--- Dataset records Enclosed Below ---

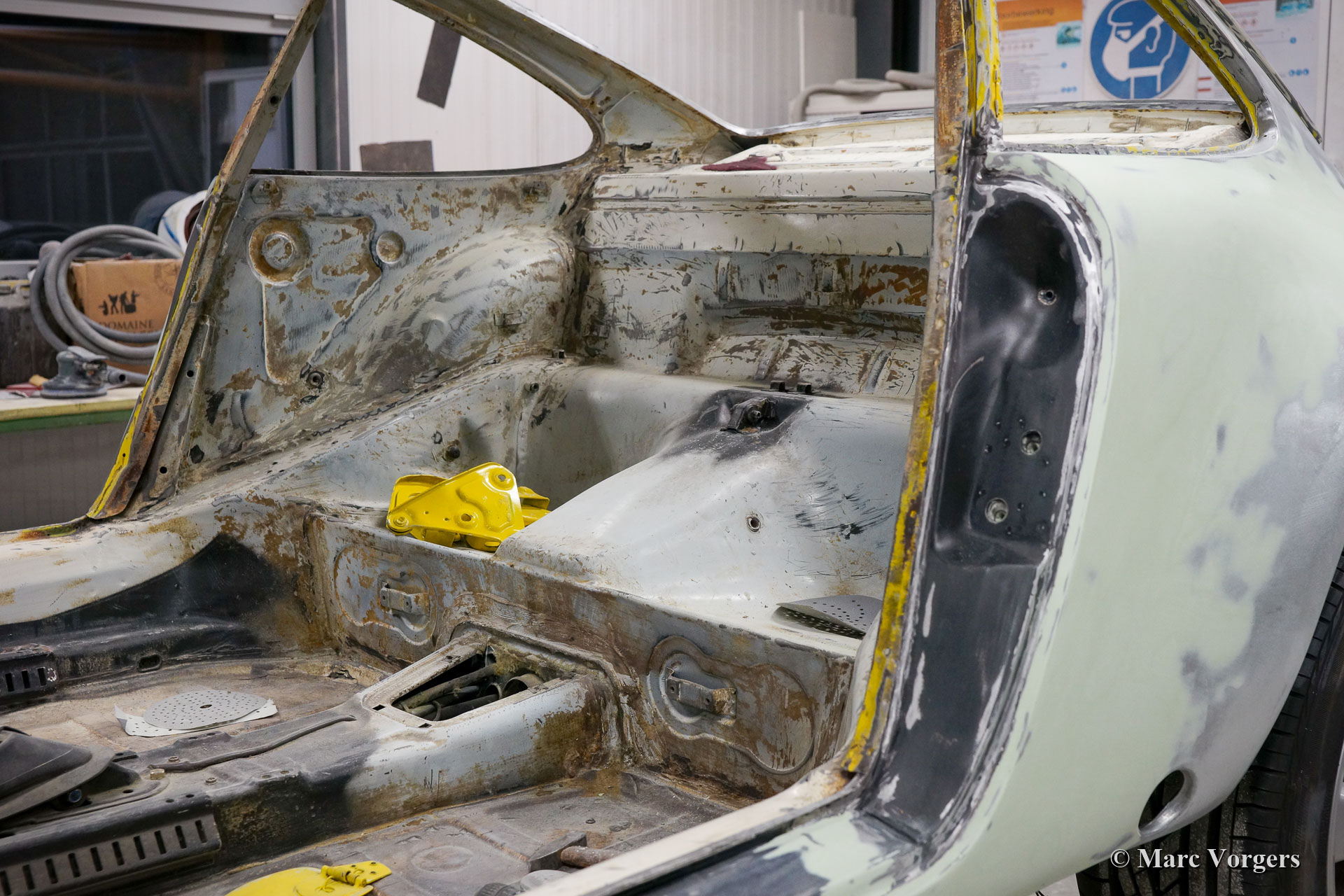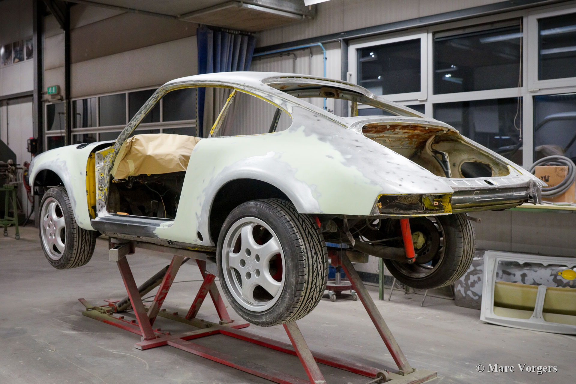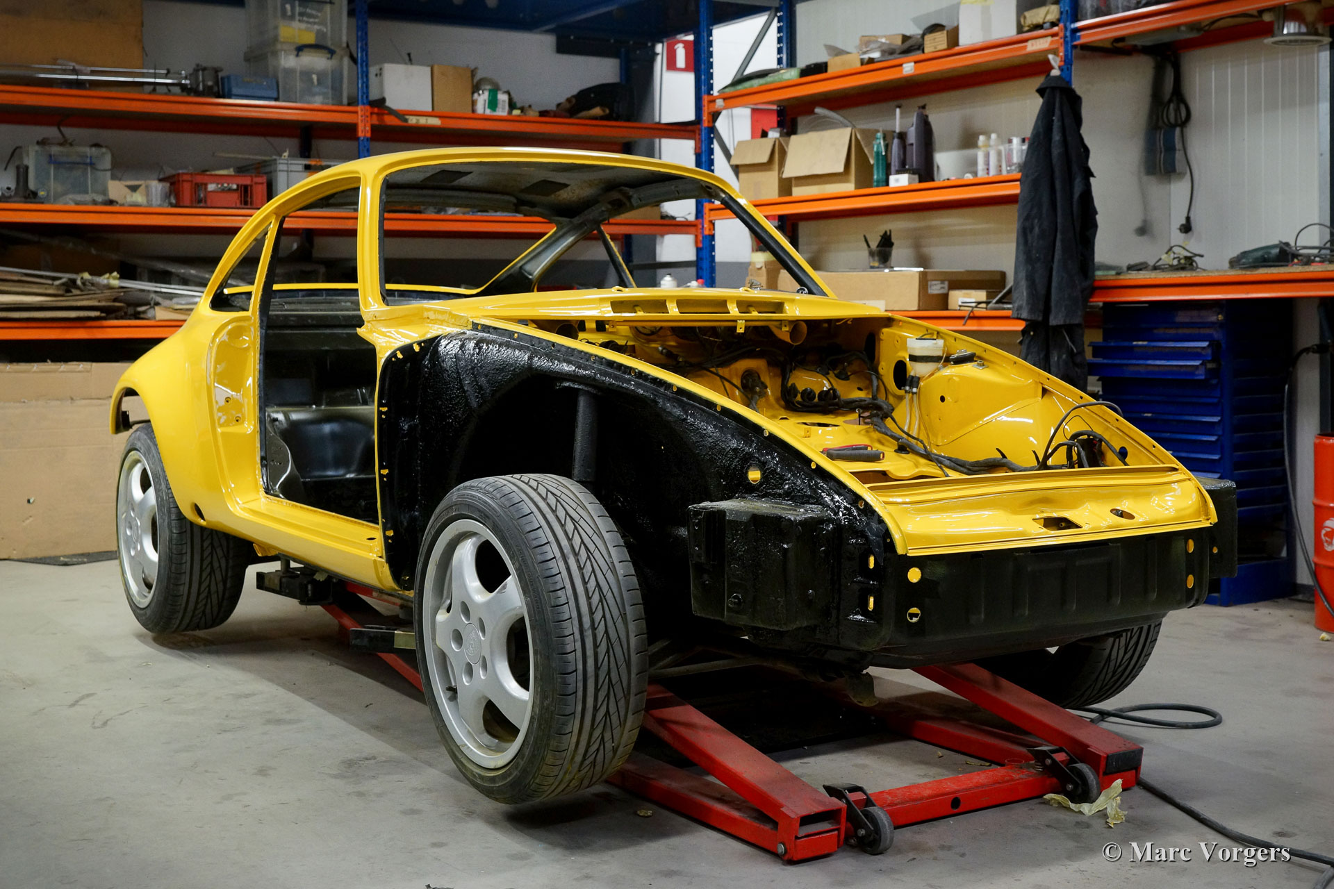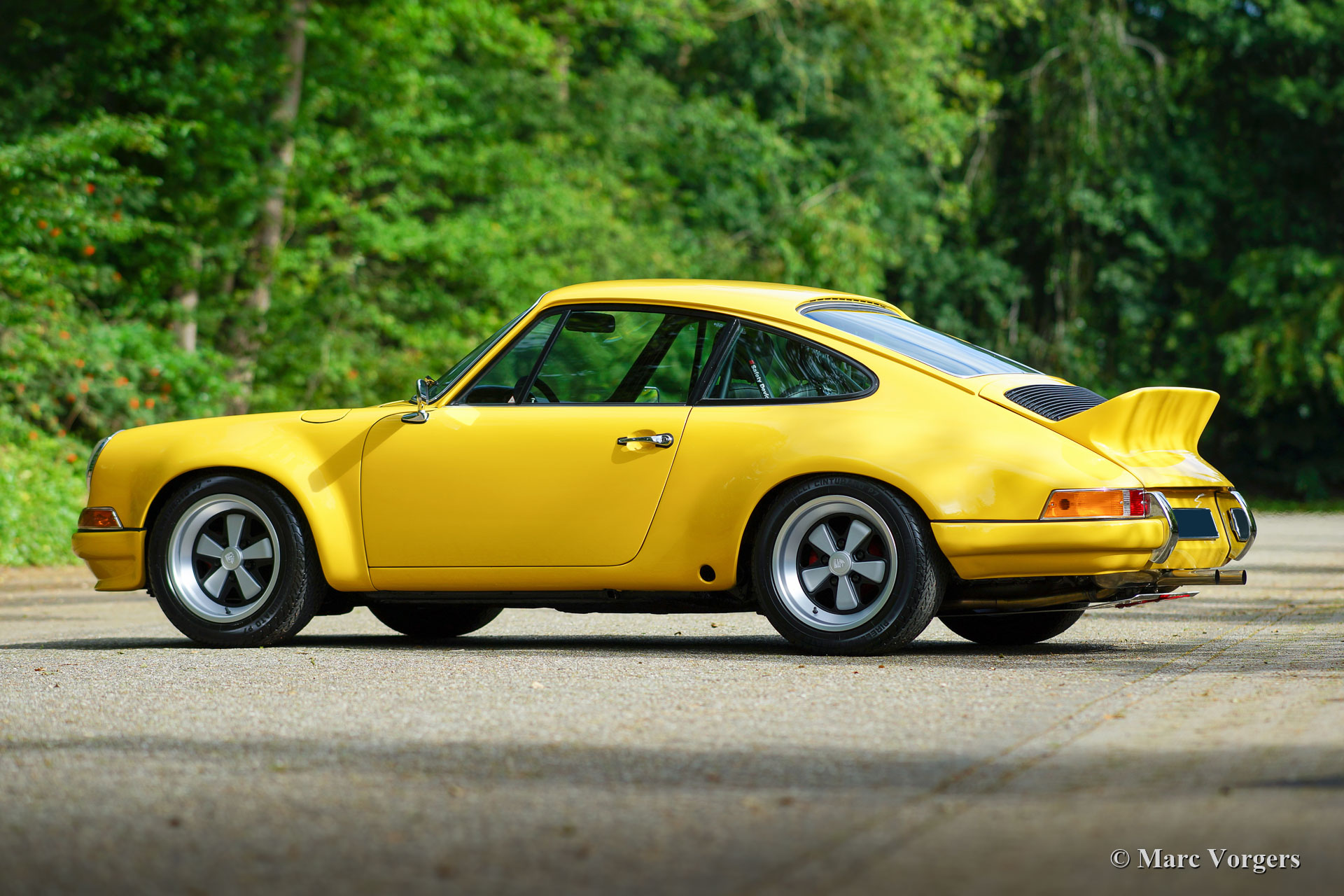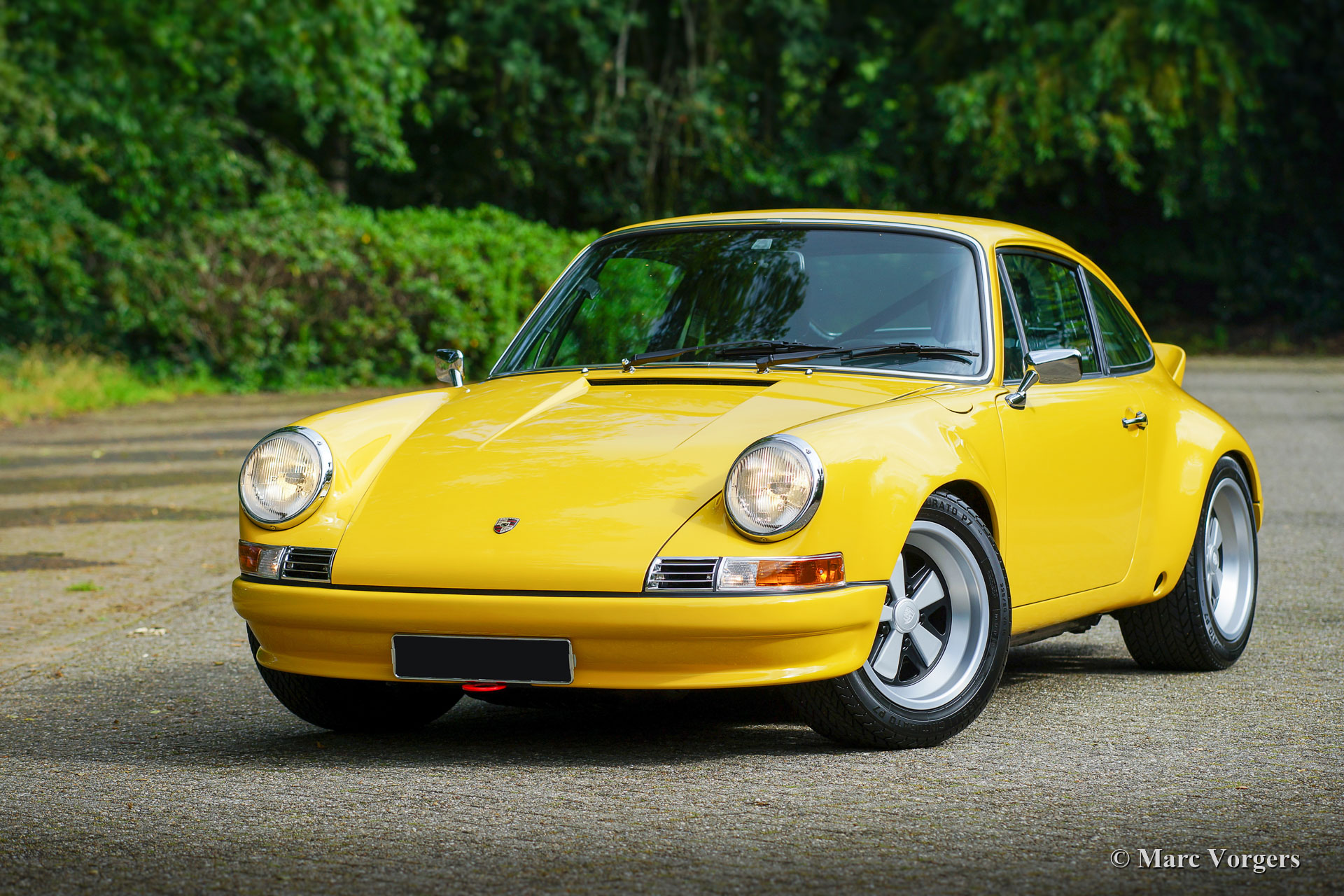 This fantastic Porsche 911 is being modified to Porsche 911 ST body specifications. The Porsche 911 ST is one of the rarest 911’s, only 24 were built for racing in 1970 and 1971. The 911 ST race cars were successfully raced on circuits around the globe and on Le Mans. This Porsche 911 is being modified to ST specifications for a client. The front and the rear wings have already been widened and the sunroof has been closed. As you can see in the photos, the sheet metal work was already carried out. After that the bodywork and panels were primed, smoothened and painted 'Minardi' yellow. Now the car is completed and looking fantastic! Everything looks perfectly brand new and the car drives and sounds superbly! This fine Porsche 911 ST is fitted with wide reproduction Fuchs alloy wheels. The 2.4 Litre S engine was fully rebuilt by Classic Job. Click here.
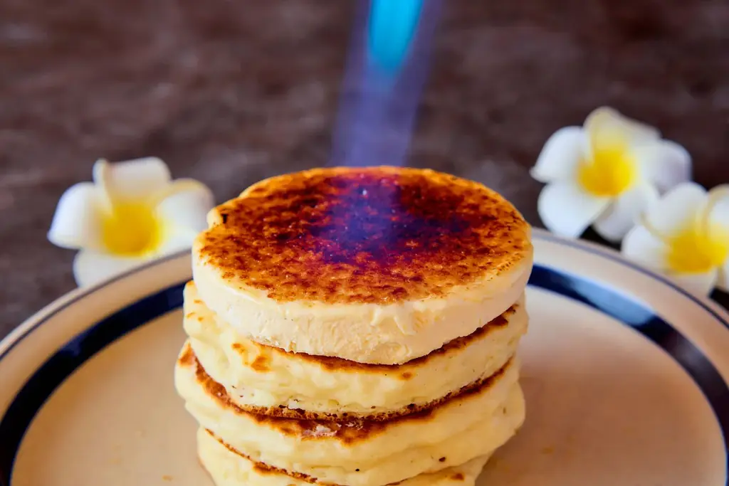| クラシックブリュレパンケーキ | 1,580円 | 1,738円 | クレームブリュレ(ホイップ入り)を最上段にのせ、表面をバーナーで炙る。パンケーキ3枚・カラメルソース・バニラアイス添え。 |
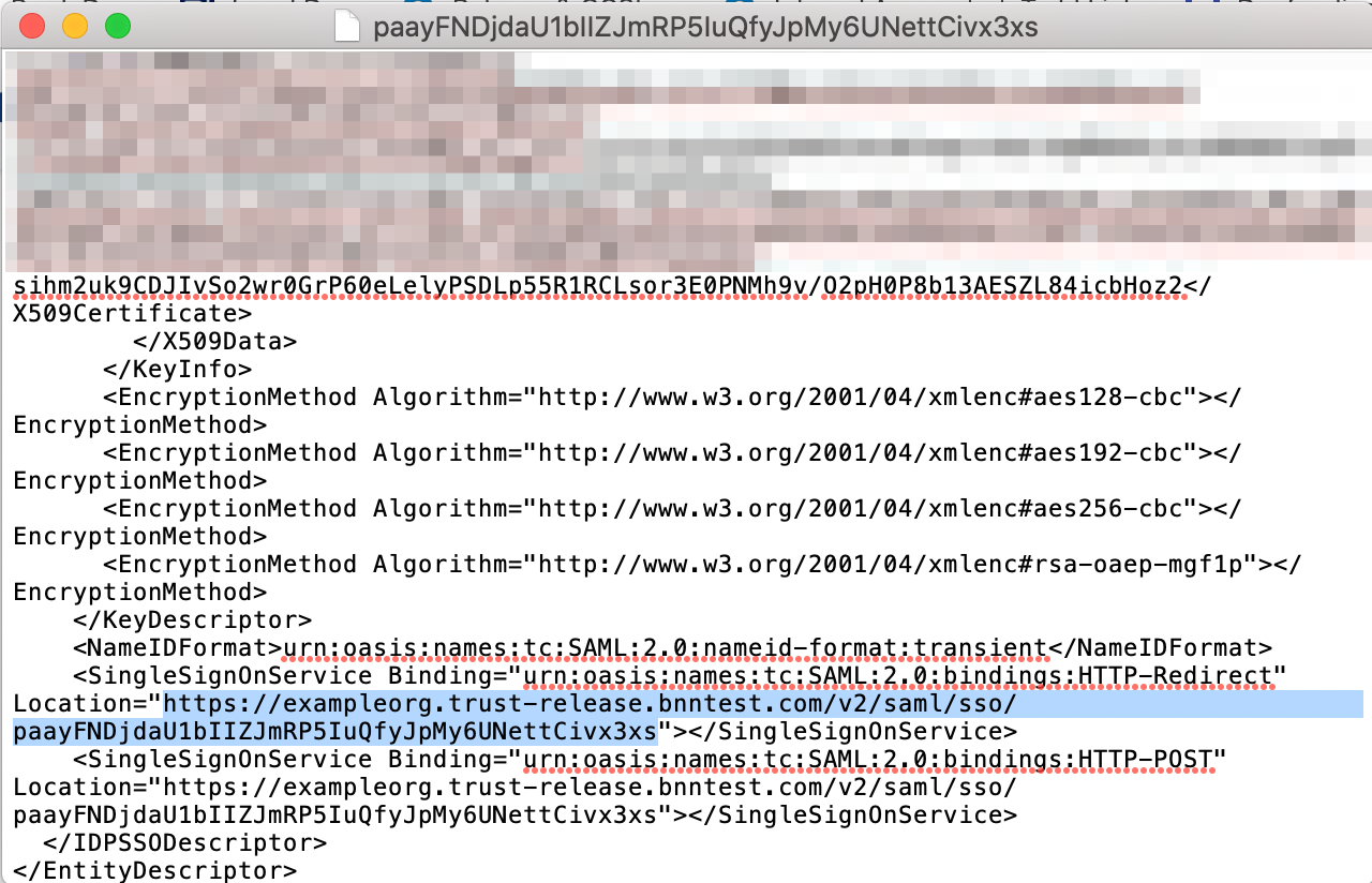 3.4 Also in the downloaded metadata xml file, locate and take note of the <SingleSignOnService Location> string. You will enter this value in Step 4 (below).
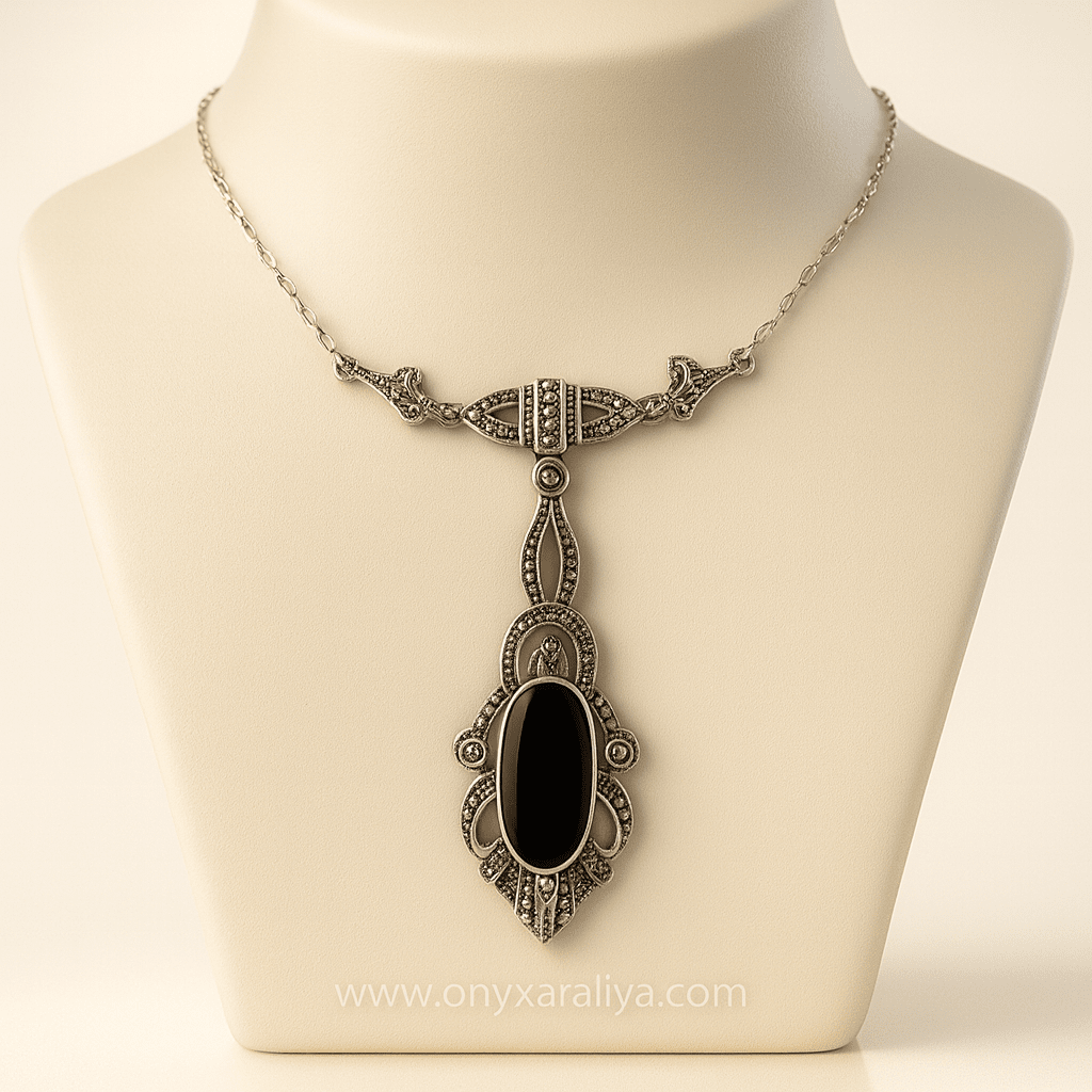 This masterfully crafted piece features a hand-cut oval black onyx encased within ornate antique silver filigree, detailed with marcasite accents that shimmer with timeless allure.
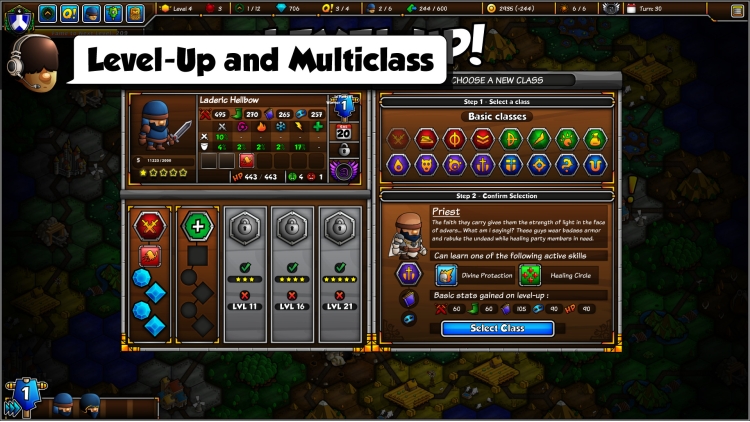 Add recruits to your ever-growing roster of unique characters and manage their progression as they gain experience and level-up. Experiment with the endless combinations and powerful synergies offered by our Multi Class system and build parties suited for every situation.

--- End of Enclosed Dataset records ---

_Task statement_
Pictures stay out. Copy exactly, and only, the lines from the one containing "クラシックブリュレパンケーキ | 1,580円" through the end of the data.

_Solution for this task_
| クラシックブリュレパンケーキ | 1,580円 | 1,738円 | クレームブリュレ(ホイップ入り)を最上段にのせ、表面をバーナーで炙る。パンケーキ3枚・カラメルソース・バニラアイス添え。 |
 3.4 Also in the downloaded metadata xml file, locate and take note of the <SingleSignOnService Location> string. You will enter this value in Step 4 (below).
 This masterfully crafted piece features a hand-cut oval black onyx encased within ornate antique silver filigree, detailed with marcasite accents that shimmer with timeless allure.
 Add recruits to your ever-growing roster of unique characters and manage their progression as they gain experience and level-up. Experiment with the endless combinations and powerful synergies offered by our Multi Class system and build parties suited for every situation.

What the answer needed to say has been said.